The loop in main continues until n = 0, which is a standard termination pattern for this problem. Reading line by line avoids input desynchronization issues when multiple test cases are present.

Worked Examples

Consider an input where n = 4 and the permutation is 2 1 4 3.

i p[i] j = p[i]-1 p[j] check
0 2 1 1 ok
1 1 0 2 ok
2 4 3 3 ok
3 3 2 4 ok

Every index satisfies the condition, so the permutation is valid. This trace shows a structure composed entirely of 2-cycles, which naturally satisfies the involution property.

Now consider n = 3 with permutation 2 3 1.

i p[i] j = p[i]-1 p[j] check
0 2 1 3 fail

The first check already fails because following the mapping twice does not return to the starting point.

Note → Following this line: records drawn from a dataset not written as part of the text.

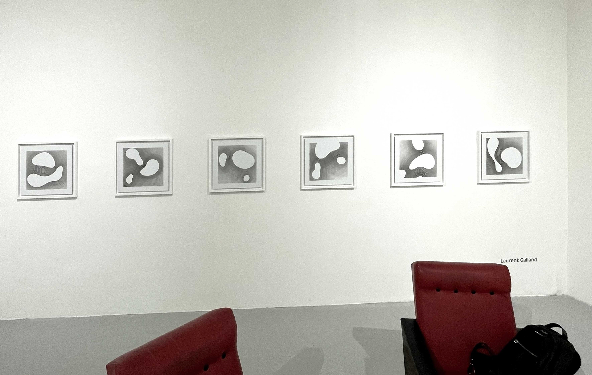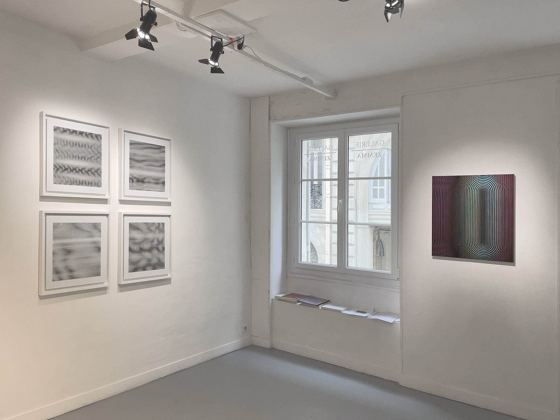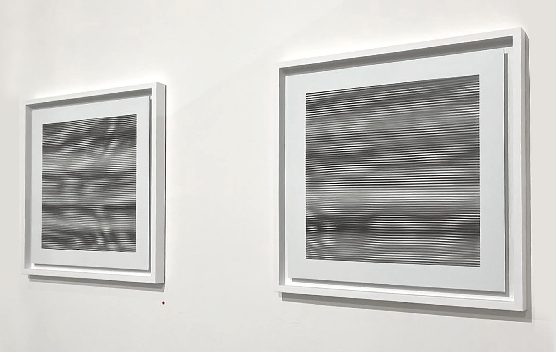 3 oeuvres réalisées en fil PVC sur châssis métal sont accrochées dans la salle de bain.
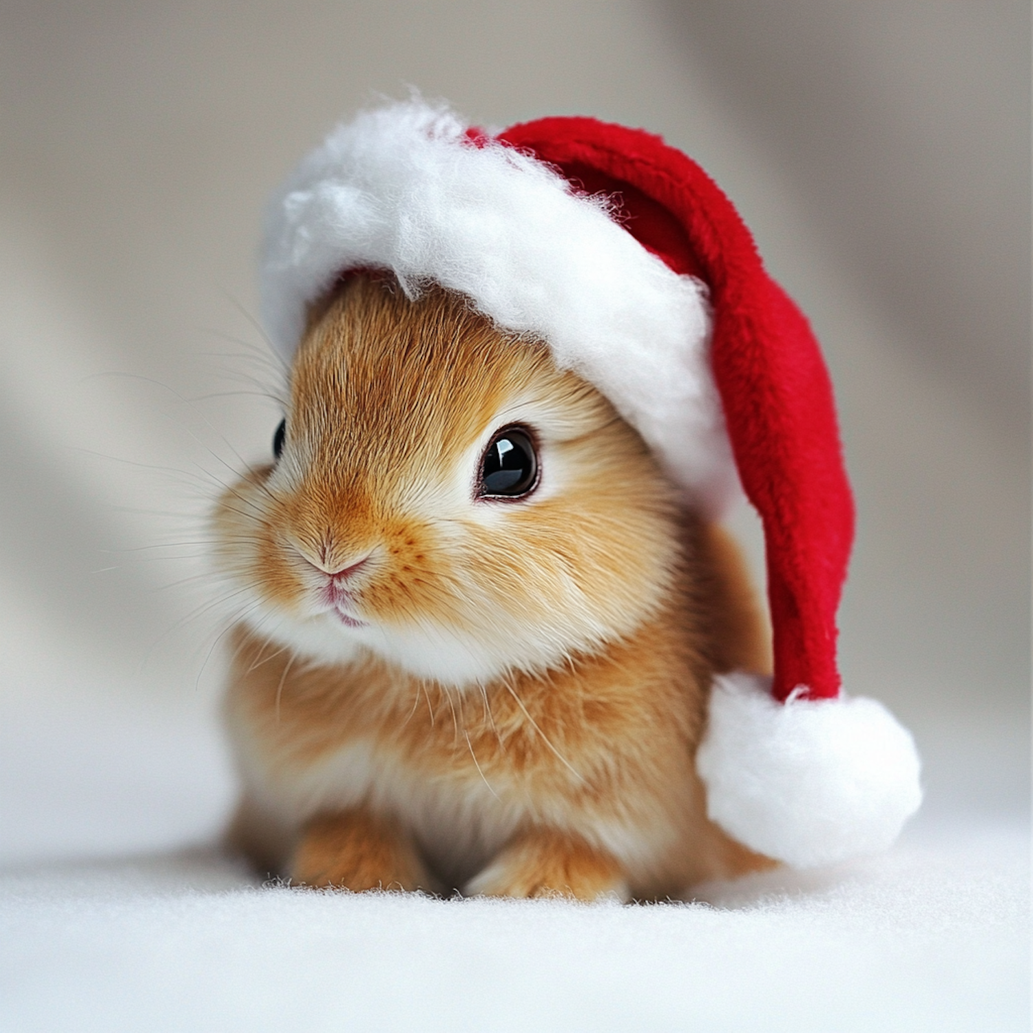 Adorable brown rabbit wearing a Santa hat, exuding festive charm and cuteness against a soft white background.
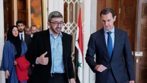 وضم الوفد رئيس الاتحاد محمد الحلبوسي ورؤساء مجلس النواب في الإمارات العربية المتحدة والأردن وفلسطين وليبيا ومصر، إضافة إلى رؤساء وفدي سلطنة عمان ولبنان، والأمين العام للاتحاد البرلماني العربي، شملت زيارتهم لقاء الإرهابي "بشار الأسد".
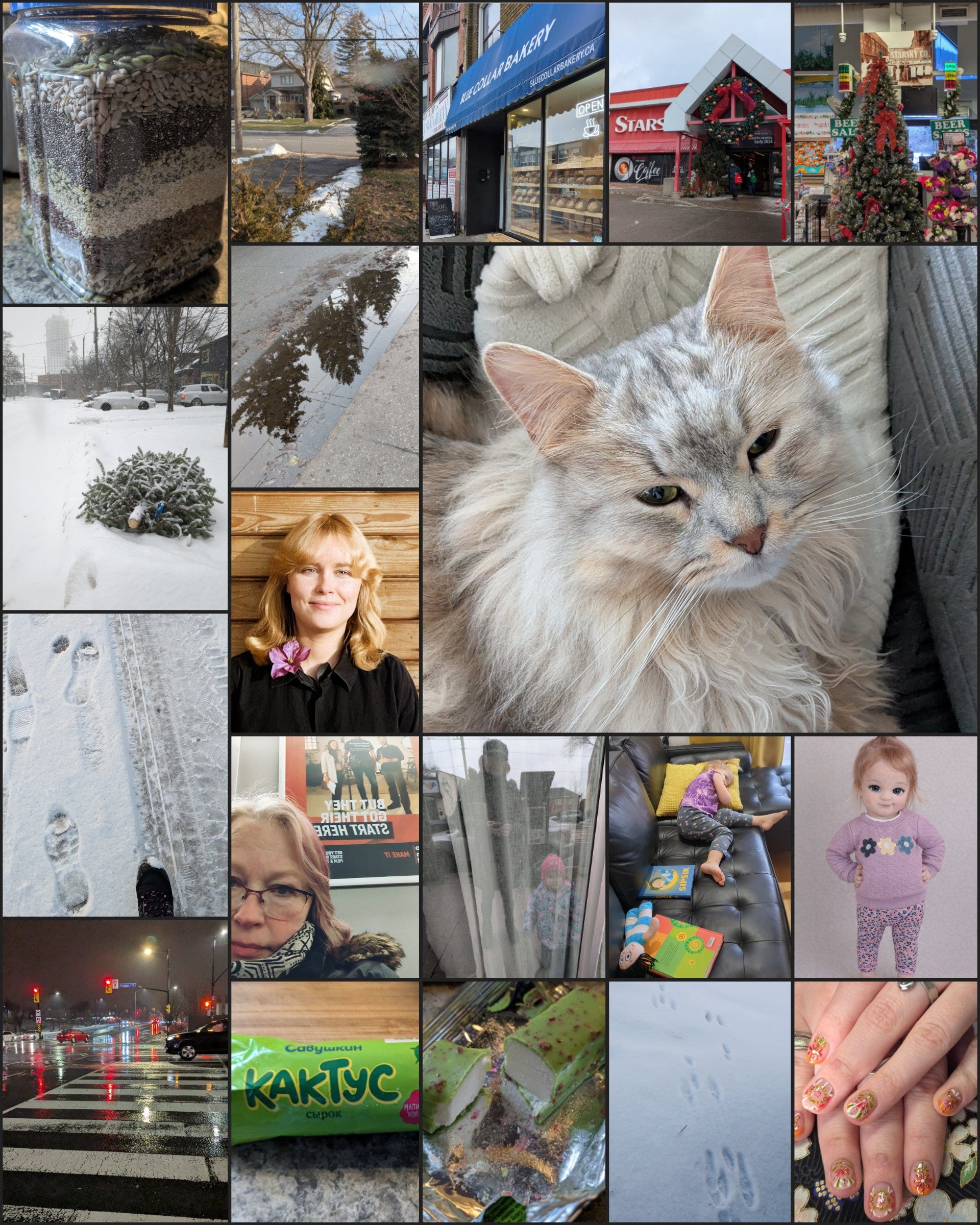 Natuke naljakamate uudiste vallast tuli teade mehest, kes helistas hädaabi numbrile ja kaebas, et lumesahad liikusid liiga aeglaselt mööda teed. Oh, well! ütleb selle peale üsna kohe 35 aastat Kanadas elanud mina 😏 Minust rääkides, siis allpool on Toomase jagatud foto sellest ajast, kui me tuttavaks saime (millest on siis kohe 40 aastat) ning selle all hiljuti metroos klõpsatud pilt. Peaaegu sama ju 😄 Alumises nurgas Kirke kenad küüned, ikka tema “vabakutselise” küünetehniku poolt, kes muidu pangas IT alal töötab.
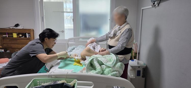 Àå±â¿ä¾ç ÀçÅÃÀÇ·á¼¾ÅÍ ÀÇ·áÁøµéÀÌ ´ë»óÀÚ °¡Á¤À» ¹æ¹®ÇØ È¯ÀÚµéÀ» µ¹º¸°í ÀÖ´Ù.
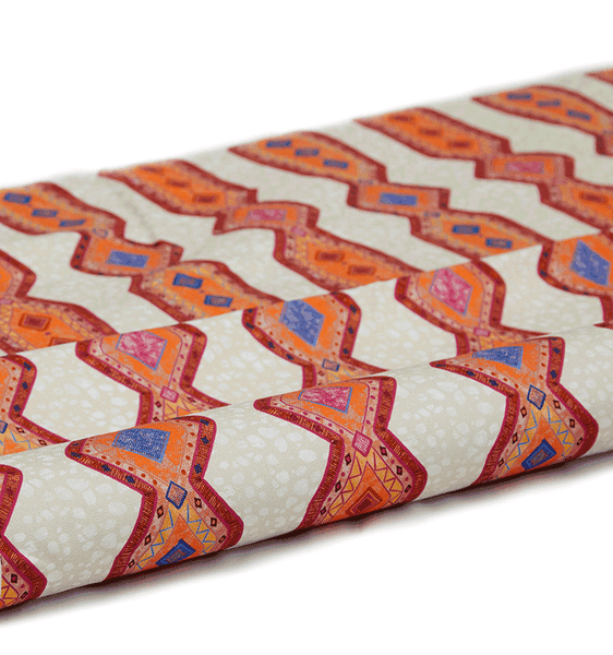With its light beige batik base and bright orange and blue geometrical pattern with yellow details, the Ife pouffe will spread love and positive energy in any setting, whilst being durable enough for everyday use.

This demonstrates that cyclic permutations of length greater than 2 cannot satisfy the condition.

Complexity Analysis

Measure Complexity Explanation
Time O(n) per test case Each index is checked exactly once with constant-time array access
Space O(1) extra Only the input array is stored, no auxiliary structures needed

The total runtime scales linearly with the sum of all n across test cases, which is efficient for typical constraints up to 10^5 or more.

Test Cases

import sys, io

def run(inp: str) -> str:
    sys.stdin = io.StringIO(inp)
    from __main__ import main
    try:
        main()
    except Exception:
        pass
    return ""  # replace if capturing output properly

# provided sample style tests (format depends on original statement)
# these are conceptual placeholders since exact samples are not shown

# minimal case
assert run("1\n1\n0\n") == "ambiguous\n", "single element"

# simple valid swap structure
assert run("2\n2 1\n0\n") == "ambiguous\n", "two-cycle"

# invalid cycle
assert run("3\n2 3 1\n0\n") == "not ambiguous\n", "three-cycle"

# mixed structure valid
assert run("4\n2 1 4 3\n0\n") == "ambiguous\n", "disjoint swaps"
Test input Expected output What it validates
1 1 0 ambiguous single element base case
2 2 1 0 ambiguous correct handling of 2-cycles
3 2 3 1 0 not ambiguous rejection of 3-cycles
4 2 1 4 3 0 ambiguous multiple independent swaps

Edge Cases

For n = 1, the permutation [1] must be accepted. The algorithm checks i = 0, computes j = 0, and verifies arr[0] == 1, which holds, so it returns valid.

For a permutation composed entirely of fixed 2-cycles like [2, 1, 4, 3], every index maps back correctly after two applications. The algorithm verifies each pair independently, so no global cycle reasoning is required.

For a single large cycle such as [2, 3, 4, 1], the first index already fails the condition because following the mapping twice does not return to the start. The algorithm detects this immediately without traversing the full cycle structure.